Work task: Your output should be the complete listing, word for word, with no pictures in it.

Stored data:
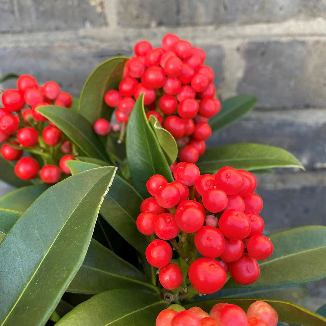 - Latin nameA decorative terracotta planter and evergreen Skimmia with large glossy red berries.
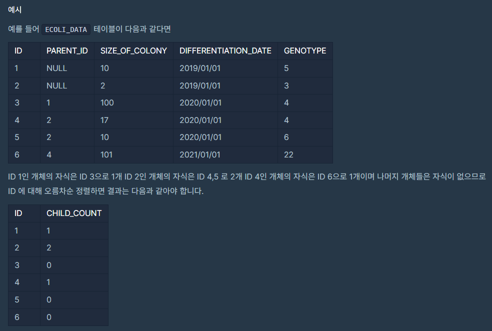 PARENT_ID가 자신의 ID와 일치하는 행의 개수를 세 CHILD_COUNT 컬럼과 함께 출력해야 한다.
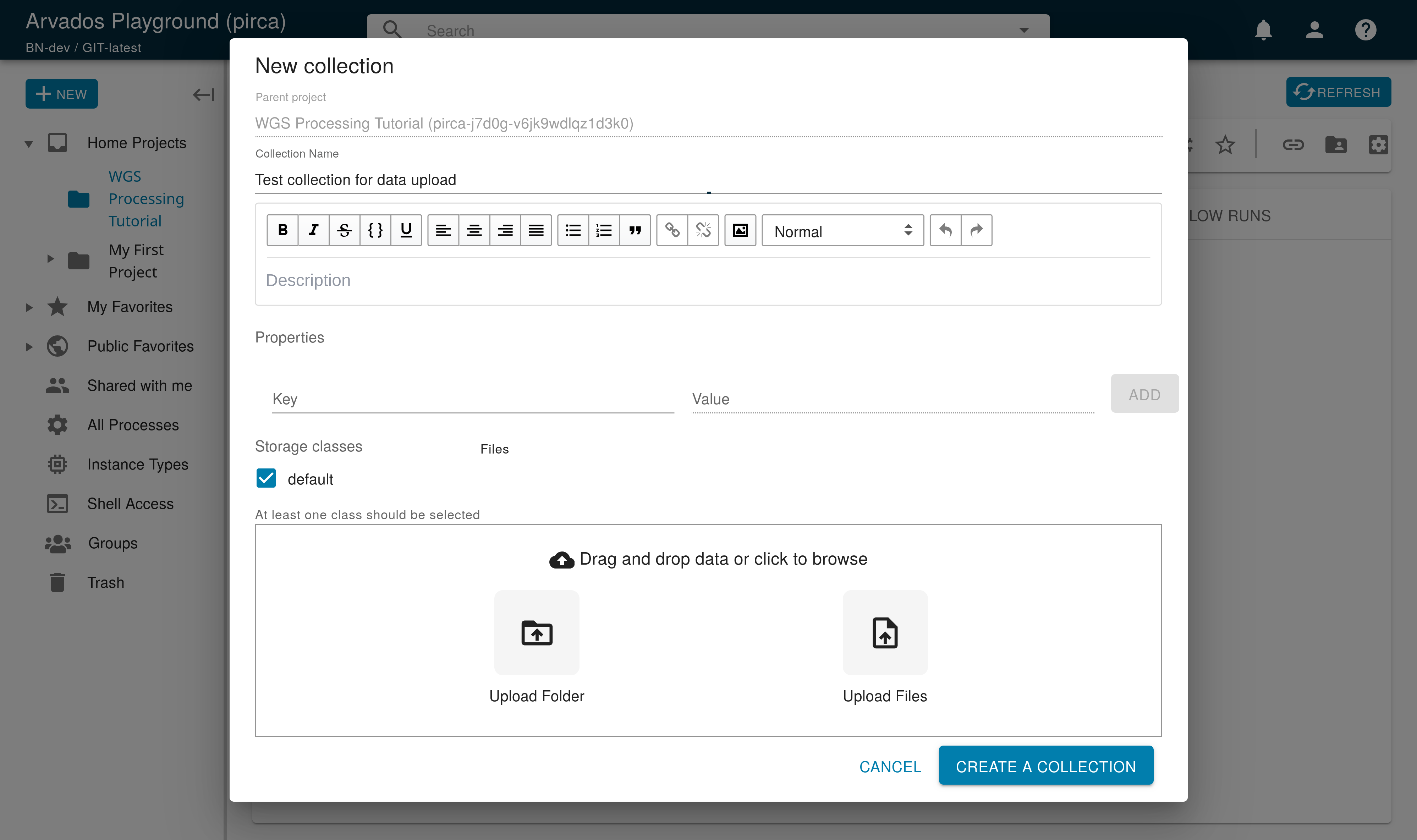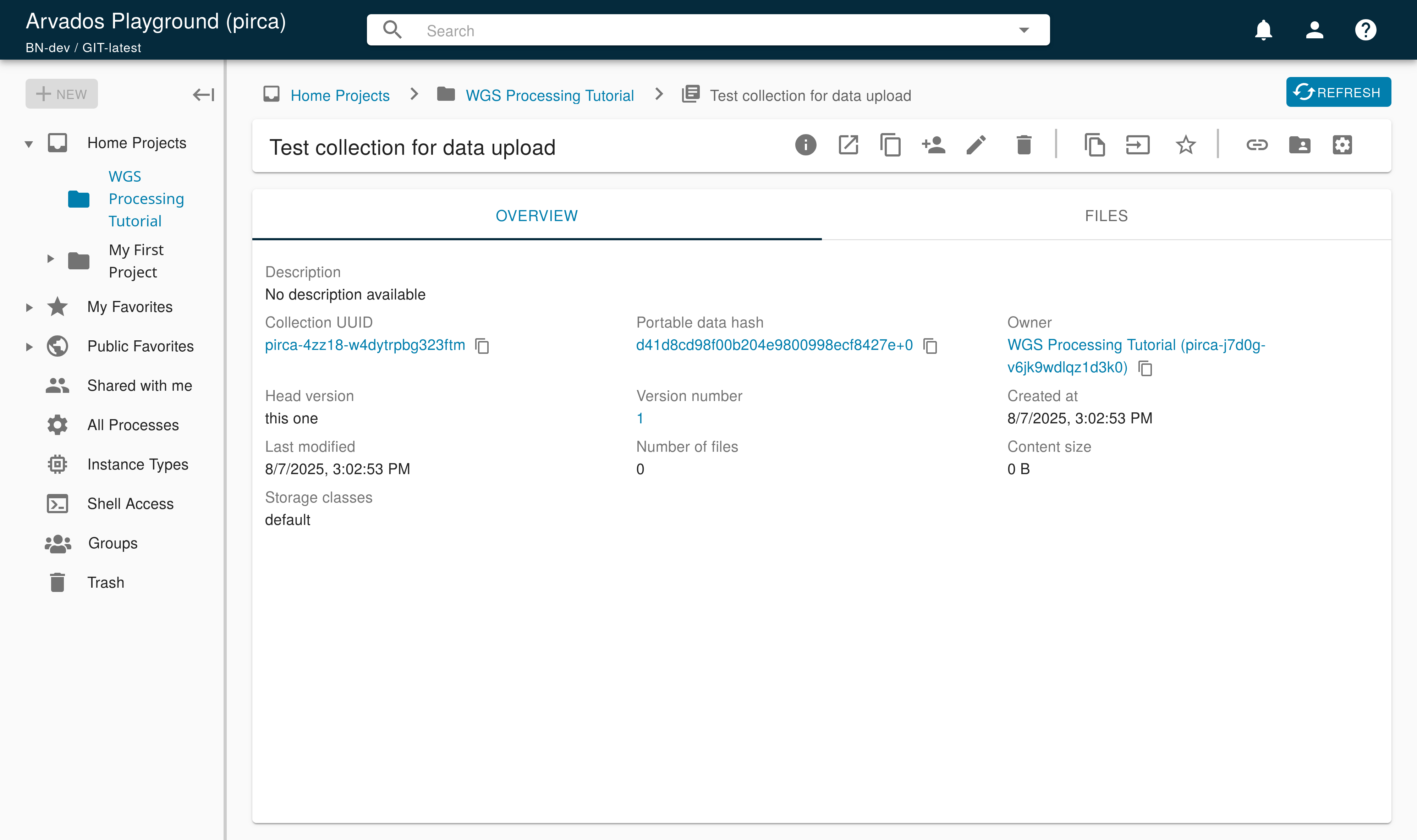 Visit the Workbench and go to your  Home Projects.  Your newly uploaded collection should appear in the “Data” tab.  The collection name printed by arv-put will appear under the Name column, and its Type will be “Data collection”.

Response below:
 - Latin nameA decorative terracotta planter and evergreen Skimmia with large glossy red berries.
 PARENT_ID가 자신의 ID와 일치하는 행의 개수를 세 CHILD_COUNT 컬럼과 함께 출력해야 한다.
 Visit the Workbench and go to your  Home Projects.  Your newly uploaded collection should appear in the “Data” tab.  The collection name printed by arv-put will appear under the Name column, and its Type will be “Data collection”.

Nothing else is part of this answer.